* **What you will do**
A faithful copy of the entries is required, with no images in it.

_ _ _

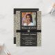 Elegante y moderno purpurina y cinta con imágenes de piedra de piedra. Foto y texto personalizados. fondo de impresión glamoroso y elegante de color negro y plata con cinta satinada negra y falsa joya diamante de imitación. Una tarjeta de graduación de moda femenina, linda y bonito para la mujer, ideal para la fiesta de graduación de la casa abierta o el evento de graduación.
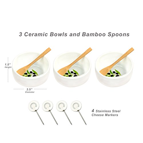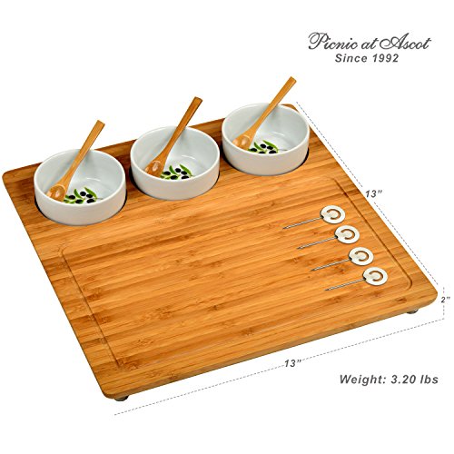 Picnic at Ascot Bamboo Cheese Board/ Charcuterie Platter with 3 Ceramic Bowls and Markers- A Great Holiday Gift for Gourmets
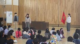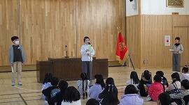 創立記念式を体育館で行いました。校長からは,本校の151年にわたる輝かしい歴史を振り返る話がありました。「この歴史ある素晴らしい学校を,子供たちや先生,保護者の方々,そして地域の皆様と力を合わせて大切に守り,さらに発展させていこう」という思いを全校で共有し,学校への愛着と誇りを一層高める機会となりました。当初予定しておりました「かまどの会」の皆様による民話の語りは,都合によりプログラムを変更し,6年生の児童による民話の語りを実施しました。発表された演目は,民話「三年坂」です。6年生の児童は,堂々とした話しぶりと表現力で物語を語り,全校児童と教職員は,その語りに静かに聞き入っていました。
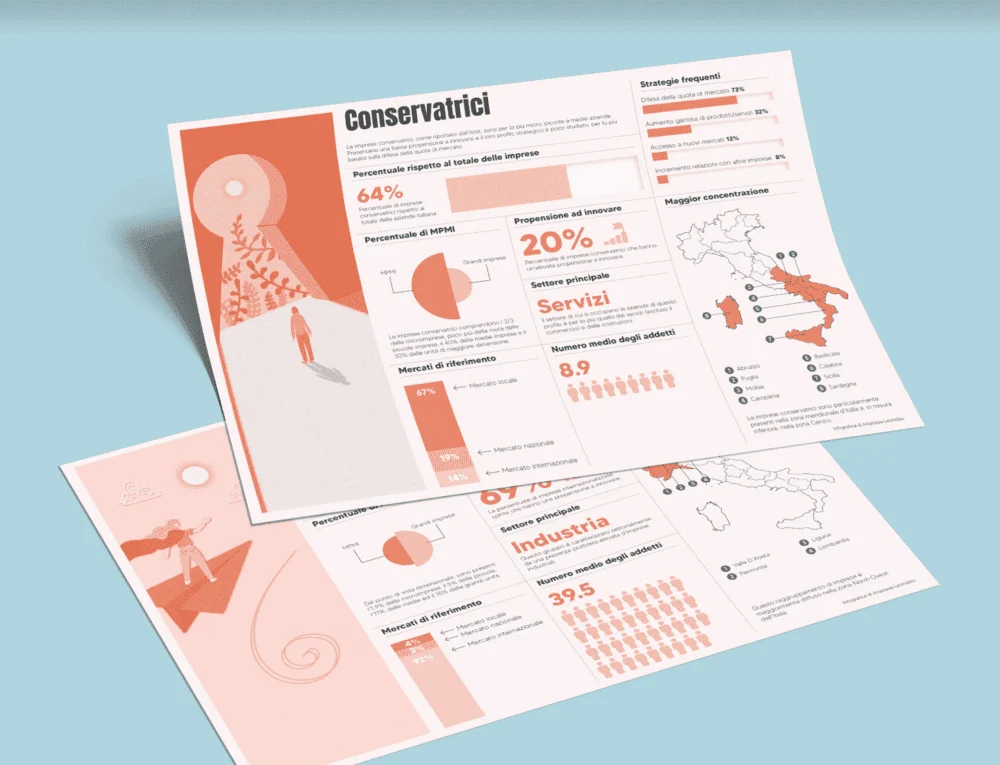 Пример инфографики-отчёта в печатном буклете, где есть пояснения к разделом, оформленные менее контрастным шрифтом, но читабельные и заметные:
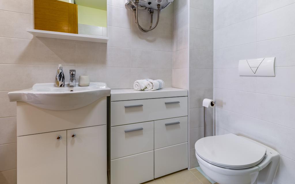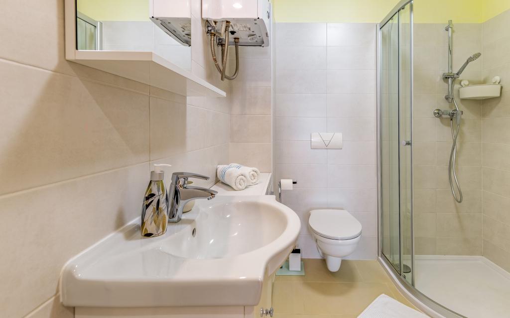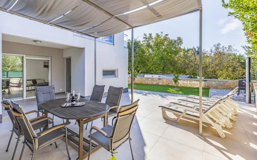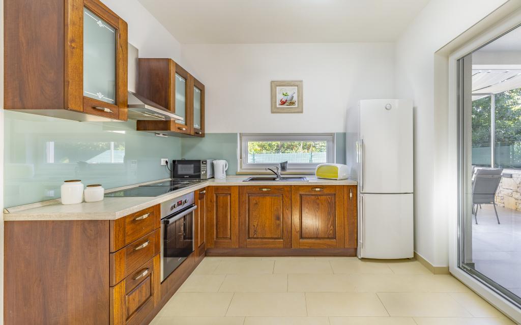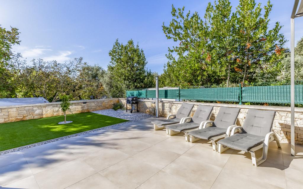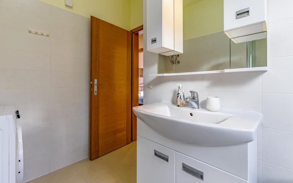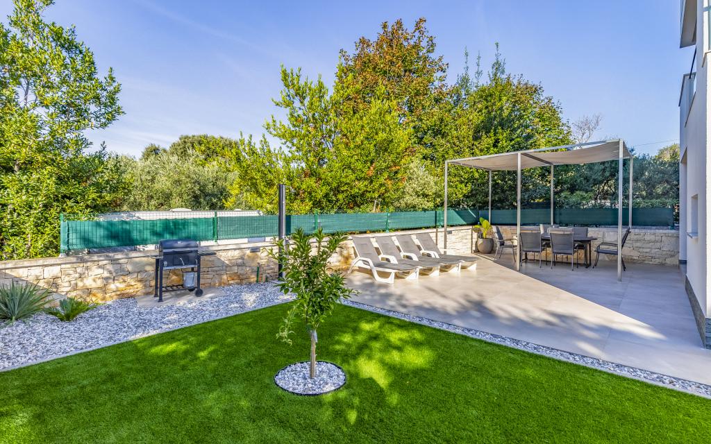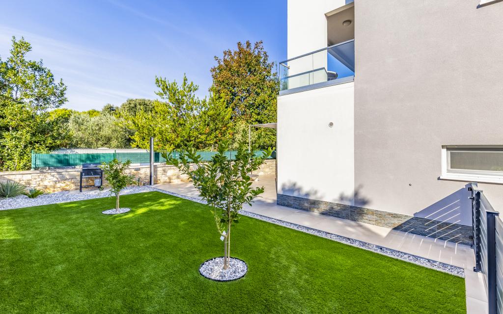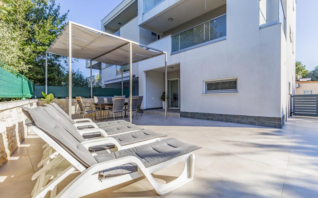 Apartament complet mobilat și la standarde superioare (80 m2), într-o locație excelentă, într-o zonă liniștită din Banjol, la doar 5 minute (300 m) de mers pe jos de cele mai frumoase plaje din zonă. Apartamentul este situat la parterul unei clădiri rezidențiale cu doar trei apartamente. Apartamentul are o grădină privată (100 m2) cu terasă, masă, șezlonguri, duș exterior și grătar, care permite o socializare plăcută cu multă intimitate și este potrivită în special pentru familiile cu copii. Există o parcare privată lângă clădire, cu acces direct la grădină și terasă. Grădina a fost complet renovată în 2024. Întreaga clădire este protejată de un gard de securitate (acces cu card). Apartamentul are 2 dormitoare cu paturi duble, 2 băi cu toaletă și duș, un living spațios cu o canapea extensibilă, sufragerie și bucătărie. Apartamentul este climatizat și încălzit iarna (încălzire prin pardoseală) și are un șemineu interior, așa că este potrivit și pentru ședere în lunile mai reci de toamnă și iarnă. În imediata vecinătate a apartamentului există numeroase baruri și restaurante, precum și magazine decorate.
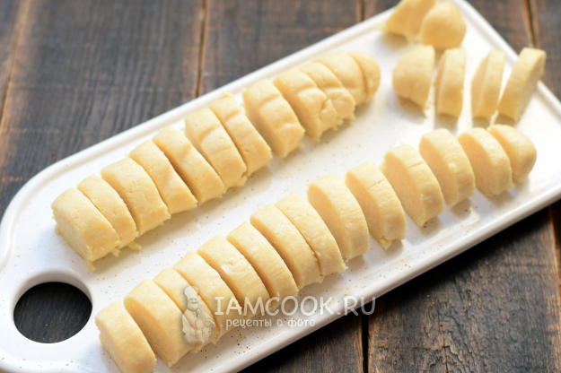 Спустя время достаньте тесто из холодильника, снимите пленку, нарежьте тесто на куски не толще 1 см, придайте им круглую плоскую форму. При желании можно сделать на заготовках узор – вилкой или кухонным молоточком.

_ _ _

* **Response area**
 Elegante y moderno purpurina y cinta con imágenes de piedra de piedra. Foto y texto personalizados. fondo de impresión glamoroso y elegante de color negro y plata con cinta satinada negra y falsa joya diamante de imitación. Una tarjeta de graduación de moda femenina, linda y bonito para la mujer, ideal para la fiesta de graduación de la casa abierta o el evento de graduación.
 Picnic at Ascot Bamboo Cheese Board/ Charcuterie Platter with 3 Ceramic Bowls and Markers- A Great Holiday Gift for Gourmets
 創立記念式を体育館で行いました。校長からは,本校の151年にわたる輝かしい歴史を振り返る話がありました。「この歴史ある素晴らしい学校を,子供たちや先生,保護者の方々,そして地域の皆様と力を合わせて大切に守り,さらに発展させていこう」という思いを全校で共有し,学校への愛着と誇りを一層高める機会となりました。当初予定しておりました「かまどの会」の皆様による民話の語りは,都合によりプログラムを変更し,6年生の児童による民話の語りを実施しました。発表された演目は,民話「三年坂」です。6年生の児童は,堂々とした話しぶりと表現力で物語を語り,全校児童と教職員は,その語りに静かに聞き入っていました。
 Пример инфографики-отчёта в печатном буклете, где есть пояснения к разделом, оформленные менее контрастным шрифтом, но читабельные и заметные:
 Apartament complet mobilat și la standarde superioare (80 m2), într-o locație excelentă, într-o zonă liniștită din Banjol, la doar 5 minute (300 m) de mers pe jos de cele mai frumoase plaje din zonă. Apartamentul este situat la parterul unei clădiri rezidențiale cu doar trei apartamente. Apartamentul are o grădină privată (100 m2) cu terasă, masă, șezlonguri, duș exterior și grătar, care permite o socializare plăcută cu multă intimitate și este potrivită în special pentru familiile cu copii. Există o parcare privată lângă clădire, cu acces direct la grădină și terasă. Grădina a fost complet renovată în 2024. Întreaga clădire este protejată de un gard de securitate (acces cu card). Apartamentul are 2 dormitoare cu paturi duble, 2 băi cu toaletă și duș, un living spațios cu o canapea extensibilă, sufragerie și bucătărie. Apartamentul este climatizat și încălzit iarna (încălzire prin pardoseală) și are un șemineu interior, așa că este potrivit și pentru ședere în lunile mai reci de toamnă și iarnă. În imediata vecinătate a apartamentului există numeroase baruri și restaurante, precum și magazine decorate.
 Спустя время достаньте тесто из холодильника, снимите пленку, нарежьте тесто на куски не толще 1 см, придайте им круглую плоскую форму. При желании можно сделать на заготовках узор – вилкой или кухонным молоточком.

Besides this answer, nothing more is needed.